Leah Karrer, a conservationist in Washington DC, purchased a TerraCycle box in 2020 and collected 5 pounds of Halloween candy wrappers from about 20 neighbors. She loved raising awareness about the issue and supporting TerraCycle, but she didn’t do it again because the box was too expensive.

“This is not a cost-effective solution for most families, when those items can simply be thrown in the trash for free pick-up,” she said.

This year, she ordered a free bag from Mars so she could send the message that consumers care about plastic waste and want companies to switch to sustainable packaging.

“You cannot rely on customers to fix the huge plastic waste problem,” she said. “The solution is to change the system.”

Candy makers say they are spending millions to develop new packaging that’s easy to recycle or compost.

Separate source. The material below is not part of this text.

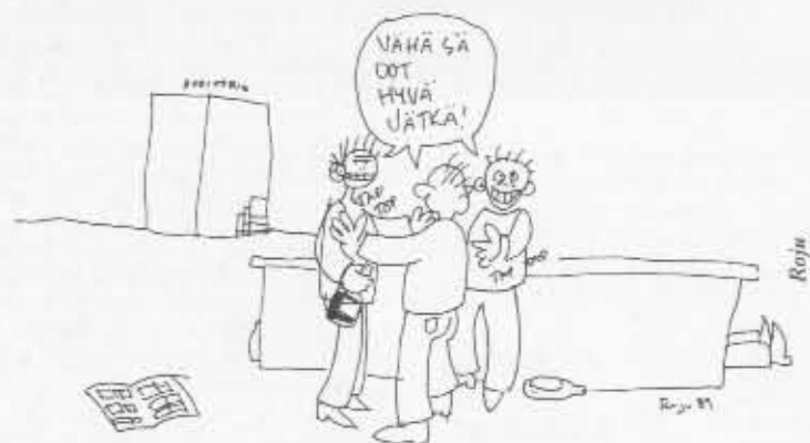
KESKINAISEN KEHUN KERHO

Kemin sarjakuvapäivät onnistuivat jälleen onnistumaan. Tämä ei ollut lainkaan varmaa, vain muutamia päiviä ennen festivaalia kaksi ulkomaisista vieraista peruutti tulonsa.

Mondelez’s Cadbury introduced more recyclable packaging – made of 30% recycled plastic – in several markets this year. Mars recently partnered with Danimer Scientific, a biotech company, to develop compostable packaging. Hershey has set a goal of making all of its packaging easily recyclable, reusable or compostable by 2030.

The National Confectionery Association, which represents the candy industry, says federal, state and local governments also need to invest in more advanced recycling.

But Janet Dominitz, executive director of the Massachusetts Public Interest Research Group, said recycling alone will never keep up with the amount of packaging waste people generate. Dominitz said single-use plastic packaging needs to be completely eliminated.

“It’s not about the amount of candy wrappers on Halloween, it’s the 365 days a year that our infrastructure is set up to throw away,” she said.